Let me give you quick 10,000 feet perspective first. A week or two ago I quipped that anything above SPX 3235 was gravy in that this threshold delineates our final hurdle which is the big opening gap we recorded on February 24th.
It’s been a turbulent six months since that day and I have an inkling that the remainder of the year won’t be exactly tranquil either. In any case a push through SPX 3235 and above SPX 3330 puts us in earshot of our all time high at 3393.52. Failure here most likely drops us back toward SPX 3000 and possibly below. Since it’s summer I wouldn’t hazard making any directional predictions.
This is my own composite index comprised of the symbols I quoted in my intro. Since there are wide differences in price I’ve added an appropriate coefficient to each symbol to make sure everything is well balanced.
As you can see the current spike low is in the process of being retested and the outcome will most likely decide whether or not BT continues higher from here or if we are going to see a more thorough downside correction.

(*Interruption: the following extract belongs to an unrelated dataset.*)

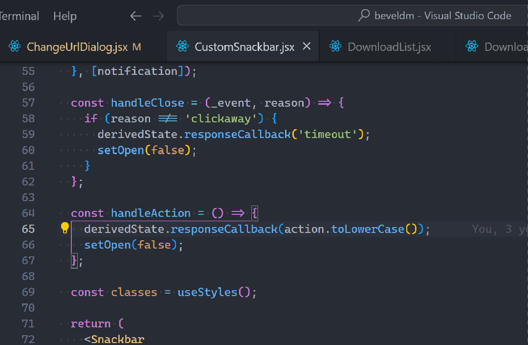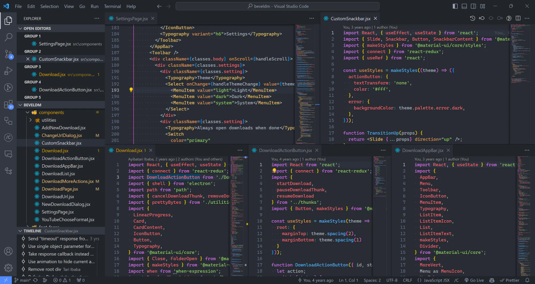 VS Code 还在时间轴视图或源代码控制中使用分割视图,来显示不同文件版本之间的更改。

We are unable to trade my composite but what we can do is to assemble a mini portfolio by spreading our exposure across several symbols. In plain English – if you want to devote 1R to a long position in big tech than divide that amount by the number of issues you want to trade.
So let’s say your trading account commands roughly $100k and you decide to risk 2% on a bounce in BT. That’s $2,000 which you then divide by the number of issues you intent to buy. To bring the number of shares into alignment I suggest roughly the following distribution:
11 x FB
7 x AAPL
12 x MSFT
2 x GOOGL
1 x AMZN
Follow a similar approach if you are trading options.
Now just like your friendly neighborhood drug dealer I’ll give you the first one for free. GOOGL is painting a very interesting formation and if it breaches 1517.6 I’ll be long with an ISL < 1475.
Again with options we obviously do not use stops – our R size is the entire debit we risk. If you go that route I caution you against buying naked calls and instead propose you use an In/Out spread instead, which gets you some theta for free.
If nothing else any type of vertical spread will insulate you from vega squeeze would most likely occur should GOOGL shoot higher.